# Intrawindow plot

In [5]:
import glob
import pandas as pd
from plotting_utils import (
    modify_score_dict,
    make_df_from_score_dict,
)

def score_improvement_bysite(model, targets_df, target_variable, suffix=""):
    '''
    This function collects the forecast scores for the specifed model and target variable.
    Then it returns a dataframe with columns for the difference in CRPS and RMSE
    compared to the historical and naive persistence null model (note that the naive will only be RMSE).
    '''
    score_dict = {}
    # For each site, score CRPS and RMSE individually and add to score_dict
    for site_id in targets_df.site_id.unique():
        site_dict = {}
        glob_prefix = f'forecasts/{site_id}/{target_variable}/{model}_{suffix}/forecast*'
        csv_list = sorted(glob.glob(glob_prefix))
        for csv in csv_list:
            site_dict = modify_score_dict(
                csv, 
                targets_df, 
                target_variable, 
                site_id, 
                suffix, 
                site_dict
            )
        score_dict[site_id] = site_dict

    # Producing a dataframe from the score dictionary, as df's are easier
    # to manipulate
    df = make_df_from_score_dict(score_dict)
    import pdb; pdb.set_trace()

    # Using the mean CRPS score over the forecast horizon
    df = df.groupby(['site_id', 'date', 'metric', 'model']).mean().reset_index()

    # Creating a CRPS and RMSE dataframe separately which is definitely
    # not the most elegant solution here
    crps_df = df[df['metric'] == 'crps']
    rmse_df = df[df['metric'] == 'rmse']
    
    forecast_dfs = [df_[df_['model'] == 'forecast'] for df_ in [crps_df, rmse_df]]
    historical_dfs = [df_[df_['model'] == 'historical'] for df_ in [crps_df, rmse_df]]
    naive_df = df[df['model'] == 'naive']
    naive_df = naive_df.rename(columns={'value': 'value_naive'})
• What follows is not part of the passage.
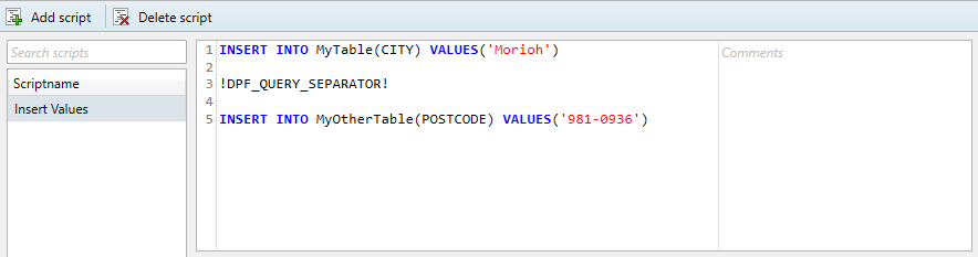 In order to execute multiple batches within one transaction (meaning, separate queries which will rollback if one of them fails), the user can specify a special separator command in the body of the query specified in the script manager. This special command is “ !DPF_QUERY_SEPARATOR! “. If a complex script is being copied over from a database management tool, all query separator symbols can simply be replaced with the separator command, and should not remain in the query.

    # Merge the two DataFrames on site_id, date, and metric
    crps_merged = pd.merge(
        forecast_dfs[0], 
        historical_dfs[0], 
        on=['site_id', 'date', 'metric'], 
        suffixes=('_forecast', '_historical')
    )

    rmse_merged = pd.merge(
        forecast_dfs[1], 
        historical_dfs[1], 
        on=['site_id', 'date', 'metric'], 
        suffixes=('_forecast', '_historical')
    )

    rmse_merged = pd.merge(
        rmse_merged, 
        naive_df, 
        on=['site_id', 'date', 'metric'], 
    )
    # Calculate percent improvement for each metric
    crps_merged['difference_historical_ml_crps'] = (
        crps_merged['value_forecast'] - crps_merged['value_historical']
    )
    
    rmse_merged['difference_historical_ml_rmse'] = (
        rmse_merged['value_forecast'] - rmse_merged['value_historical'] 
    ) 
    
    rmse_merged['difference_naive_ml_rmse'] = (
        rmse_merged['value_forecast'] - rmse_merged['value_naive'] 
    )

    rmse_merged['difference_naive_historical_rmse'] = (
        rmse_merged['value_historical'] - rmse_merged['value_naive']
    )

    # Deleting unnecessary columns
    rmse_merged = rmse_merged.drop(rmse_merged.filter(like='model').columns, axis=1)
    rmse_merged = rmse_merged.drop(rmse_merged.filter(like='value').columns, axis=1)
    crps_merged = crps_merged.drop(crps_merged.filter(like='model').columns, axis=1)
    crps_merged = crps_merged.drop(crps_merged.filter(like='value').columns, axis=1)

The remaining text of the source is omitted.